Ora dovremmo moltiplicare l'utile per azione previsto tra cinque anni non più per l'iniziale 17, bensì per 20. Il risultato è di 3692,2; questo nuovo valore è più alto della nostra prima stima. Se tra cinque anni lo S&P 500 sarà effettivamente pari a 3692,2, ciò implicherà un rendimento pari al 6,61% medio annuo. Aggiungiamo i dividendi ed otteniamo un ottimo 8,61% medio annuo.

E' evidente che le nostre stime possono essere soggette ad ampi errori. Esse hanno possibilità di verificarsi esclusivamente nel caso in cui ogni previsione che abbiamo effettuato si riveli veritiera. Ora vediamo un altro grafico.

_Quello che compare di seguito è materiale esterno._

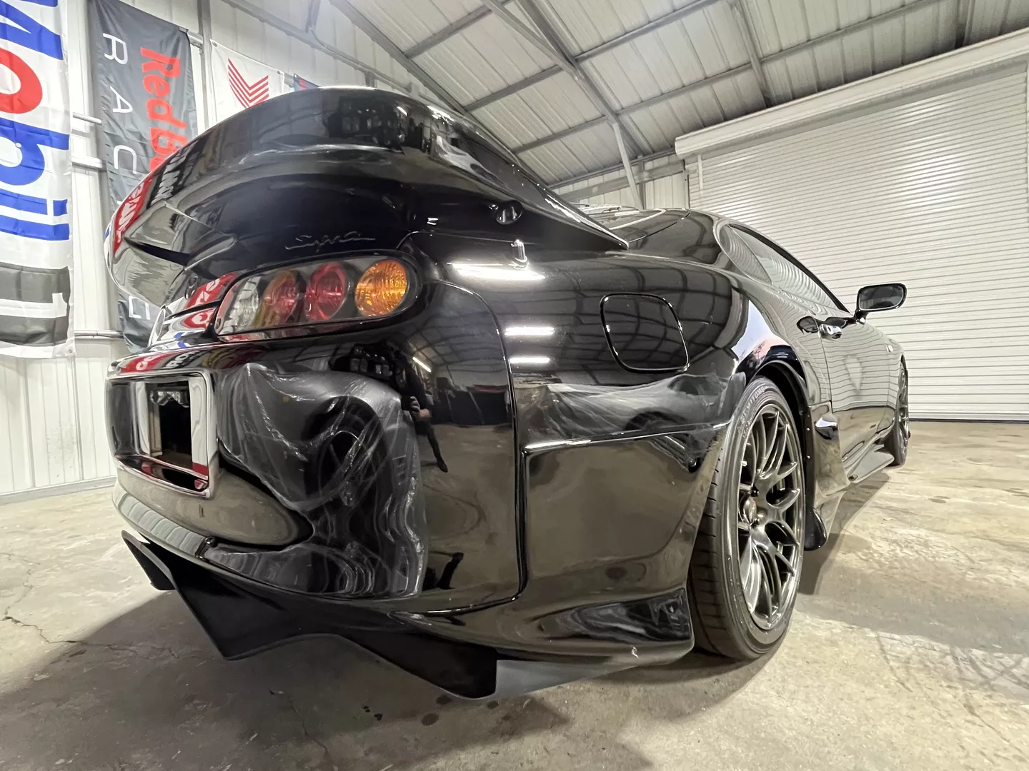 The car is equipped with a Veilside kit (front bumper, skirts, spats, rear spoiler, and diffuser). It has 18” XXR wheels, and an aftermarket exhaust.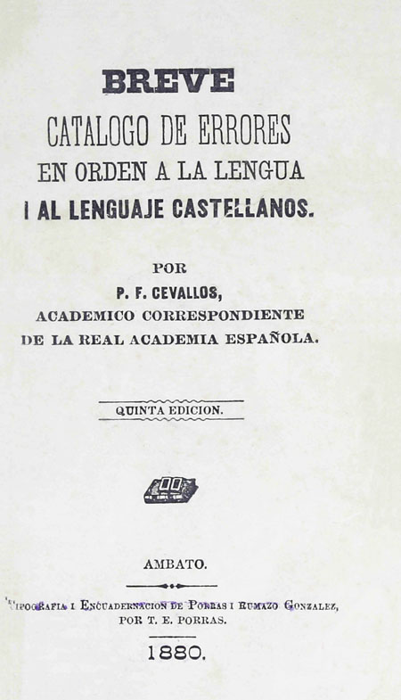 Cevallos, P. F. 1880. Breve catálgo de errores en orden a la lengua, al lenguaje castellanos. Ambato, Ecuador : Tipografía i Encuadernación de Porras i Rumazo González, por T. E. Porras.

Sull'asse orizzontale possiamo osservare l'iniziale rapporto tra prezzo ed utili previsti. Tale rapporto è attualmente pari a 18. Sull'asse verticale è presente il tasso di rendimento. I quadratini blu indicano il rendimento medio annuo nominale che il mercato azionario ha fornito nei sette anni successivi alla manifestazione del rapporto tra prezzo ed utili previsti presente sull'asse orizzontale. Ad esempio, ogni qualvolta tale rapporto è stato pari a 18 (proprio come ora) il rendimento offerto dal mercato nei sette anni successivi è stato mediamente pari a circa il 5%. E' un valore evidentemente molto vicino alla nostra prima stima.